Each step prepares the data so the model can learn properly and produce reliable predictions.

Note: This is a basic workflow. In practice, you may need to add more steps like feature engineering or hyperparameter tuning for better performance.

Modeling Concepts

Preparing the Data

Before training, the dataset must be transformed into a format suitable for machine learning. This involves several key steps:

  • Target encoding for categorical features
  • Imputation for missing values
  • Feature scaling for numerical stability

Categorical features are encoded into numerical values using target encoding, where each category is replaced with the average value of the target variable.

  • Useful for features with many unique values
  • Avoids creating too many columns
  • Works well for high-cardinality data

For example, if Location is a feature, each location is replaced with the average rain outcome for that location. This keeps the data compact and useful.

Missing values are then handled through imputation, where numerical fields are filled using the mean. After that, feature scaling is applied to standardize the data so all features have a similar range. This helps improve model performance and stability.
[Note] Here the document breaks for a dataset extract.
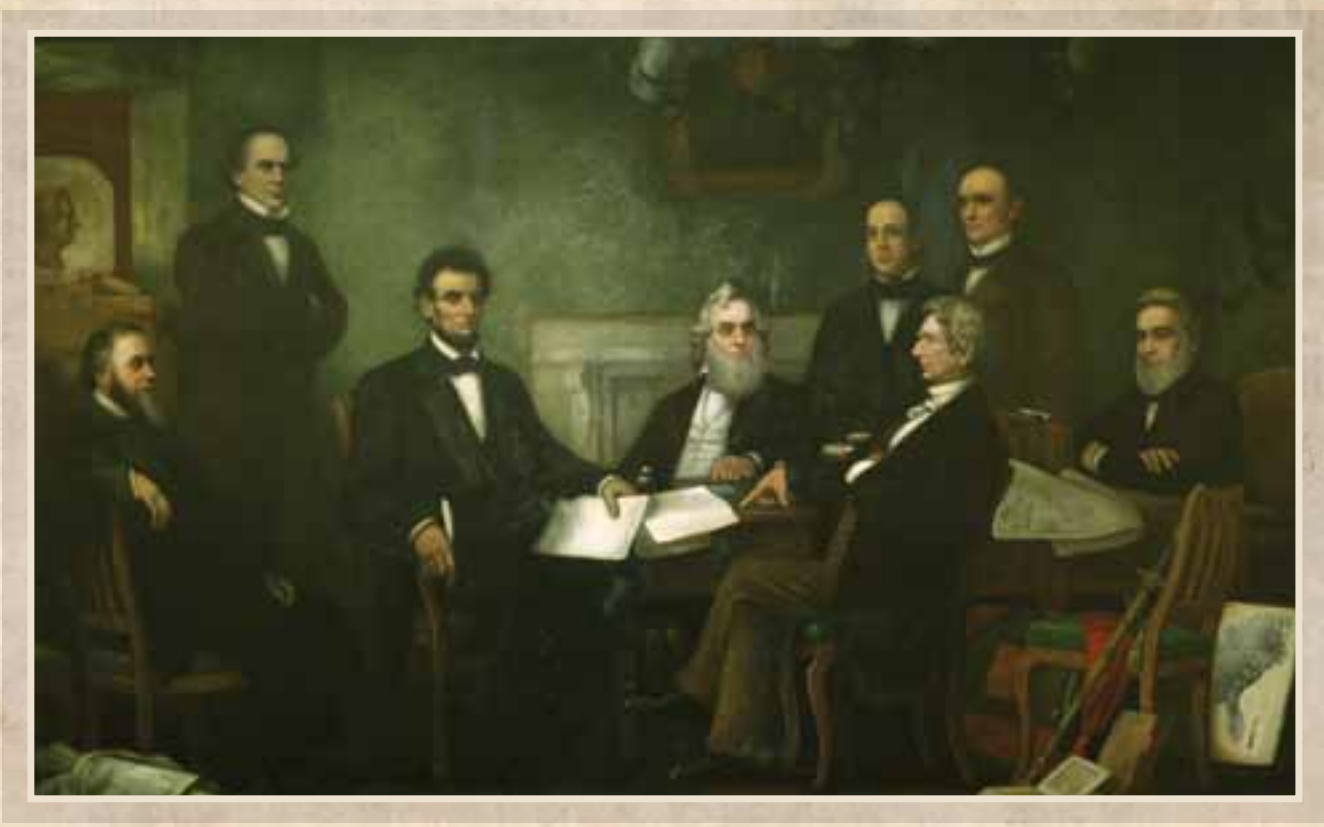
U.S. SENATE COLLECTION

THE EMANCIPATION PROCLAMATION OPENED THE DOOR FOR PENNSYLVANIA'S AFRICAN AMERICAN SOLDIERS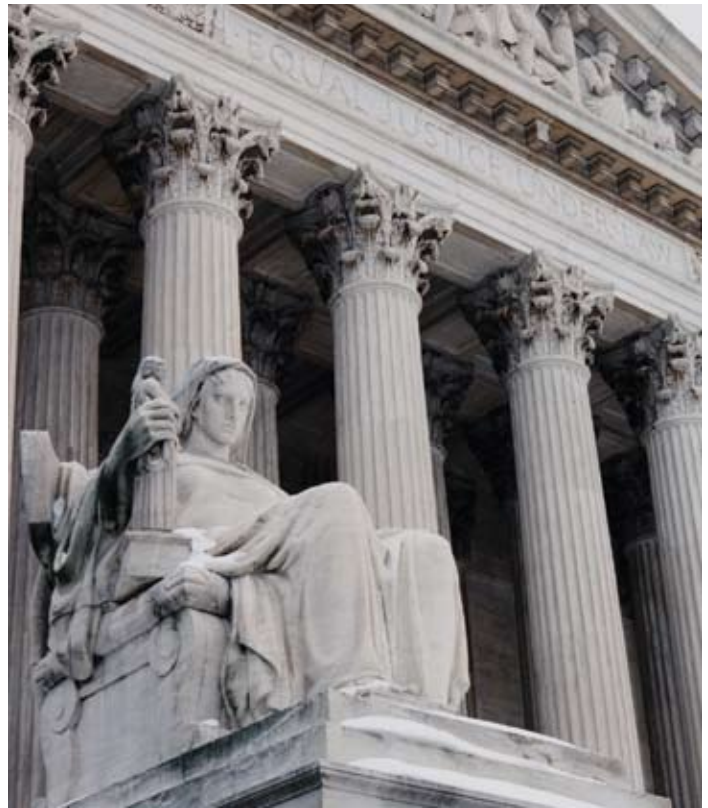
The Contemplation of Justice statue outside the U.S. Supreme Court building in Washington, D.C.

The judicial branch is one of the three branches of government. The Constitution established the judicial

  • Data is scaled to zero mean and unit variance
  • Prevents features with larger ranges from dominating the model
  • Improves convergence during training

In practice, these steps are often combined into reusable preprocessing functions:

from sklearn.impute import SimpleImputer
from sklearn.preprocessing import StandardScaler

def impute_and_scale_data(X):
imputer = SimpleImputer(strategy="mean")
scaler = StandardScaler()

X_imputed = imputer.fit_transform(X)
X_scaled = scaler.fit_transform(X_imputed)

return X_scaled

This ensures all features are complete and on the same scale before training.

Training the Model

Finally, the dataset is split into two sets:

  • Training dataset
  • Testing dataset

The model is trained on the training data using a Random Forest classifier, which is effective for handling different feature types and reducing overfitting.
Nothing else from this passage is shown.